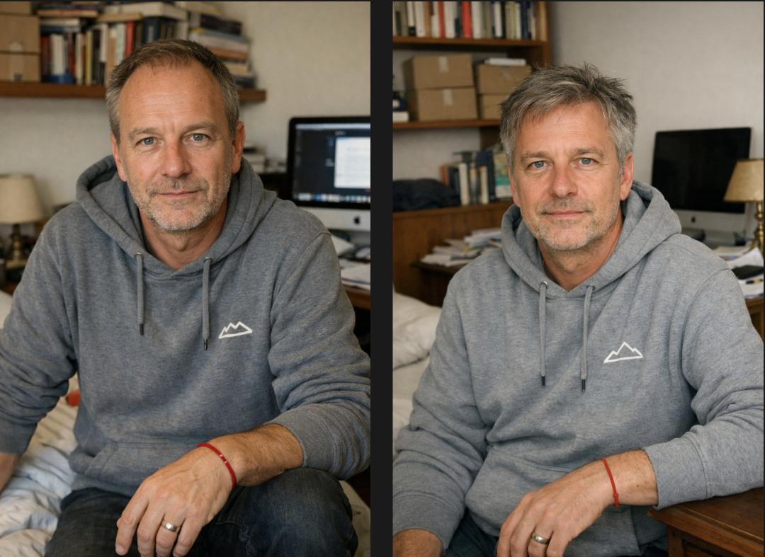 The caption reads: "A 53-year-old white German man in a bedroom, a typical Italian-style bedroom, with boxes and books piled on shelves, a desk in the background with an iMac and papers scattered around, wearing a gray hoodie (with a simple logo), a wedding ring, and a subtle red bracelet on his wrist, looking directly at the camera in a natural, candid user-generated content style."
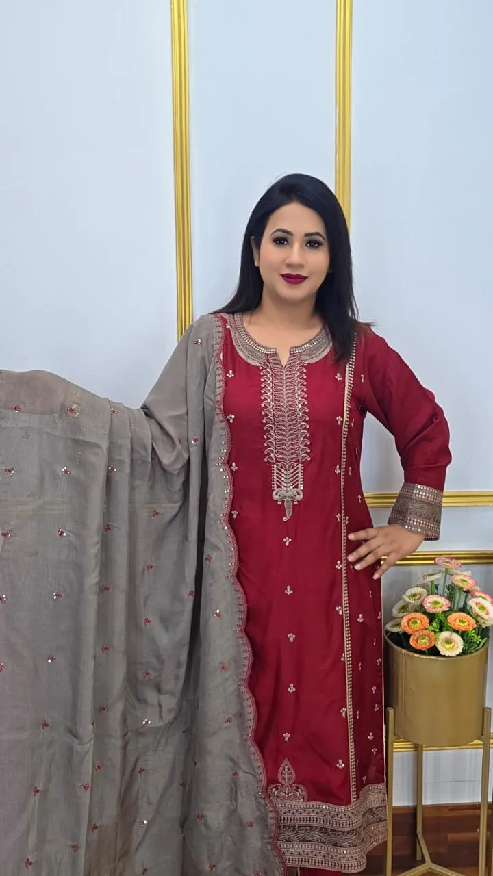 The perfect combination of elegance and comfort with this stunning unstitched three-piece suit featuring full sequence embroidery work. Crafted from premium maslin silk with generous fabric for size 56+, this complete set offers luxurious sparkle and customization freedom.
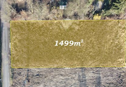 Działka o powierzchni 1499m 2 w kształcie prostokąta o wymiarach 28x57,5 m.
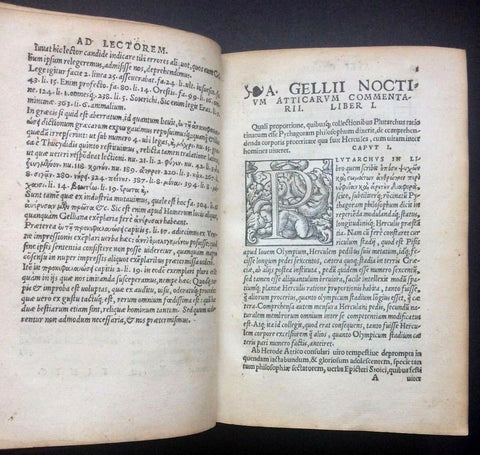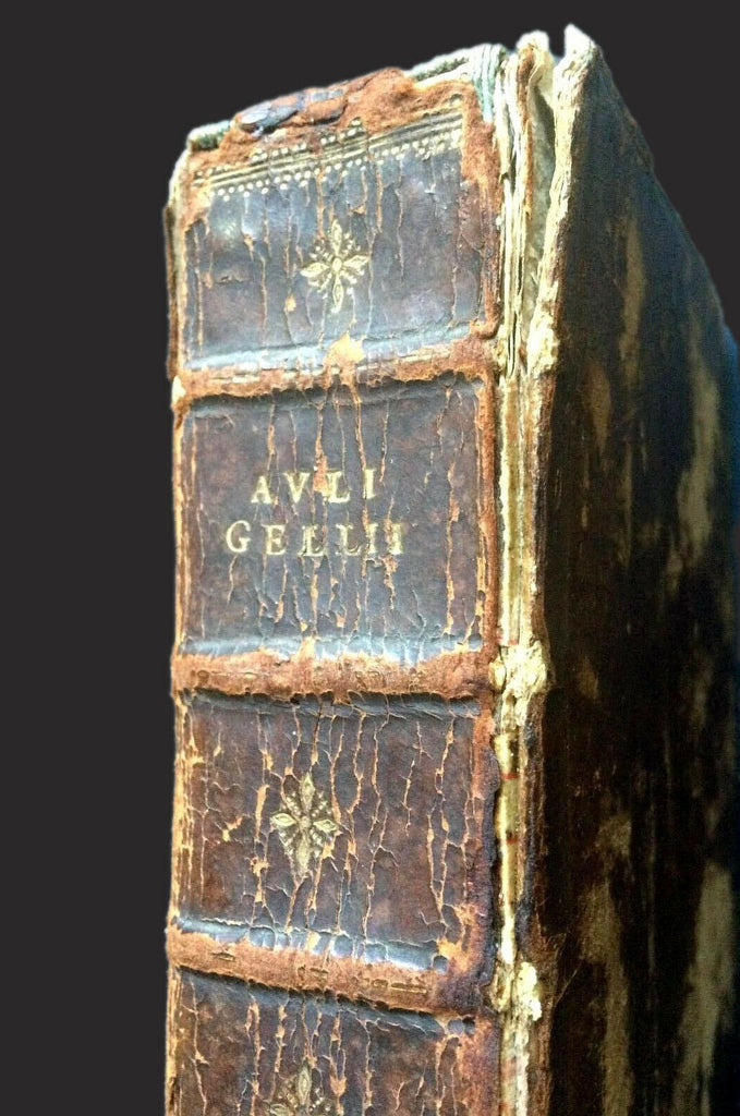 Lacks front title page. Still bound with what appear to be the original contemporary leather boards. Gilt decorations and spine titling remain. Beautifully embellished with many large woodcut engraved initials. Full-page printer's device at end of Noctium Atticarum.
|---|
**THE TASK**
Your copy of the listing should match it exactly, apart from the pictures, which are left out.

**REPLY TO THE EXERCISE**
 The caption reads: "A 53-year-old white German man in a bedroom, a typical Italian-style bedroom, with boxes and books piled on shelves, a desk in the background with an iMac and papers scattered around, wearing a gray hoodie (with a simple logo), a wedding ring, and a subtle red bracelet on his wrist, looking directly at the camera in a natural, candid user-generated content style."
 The perfect combination of elegance and comfort with this stunning unstitched three-piece suit featuring full sequence embroidery work. Crafted from premium maslin silk with generous fabric for size 56+, this complete set offers luxurious sparkle and customization freedom.
 Działka o powierzchni 1499m 2 w kształcie prostokąta o wymiarach 28x57,5 m.
 Lacks front title page. Still bound with what appear to be the original contemporary leather boards. Gilt decorations and spine titling remain. Beautifully embellished with many large woodcut engraved initials. Full-page printer's device at end of Noctium Atticarum.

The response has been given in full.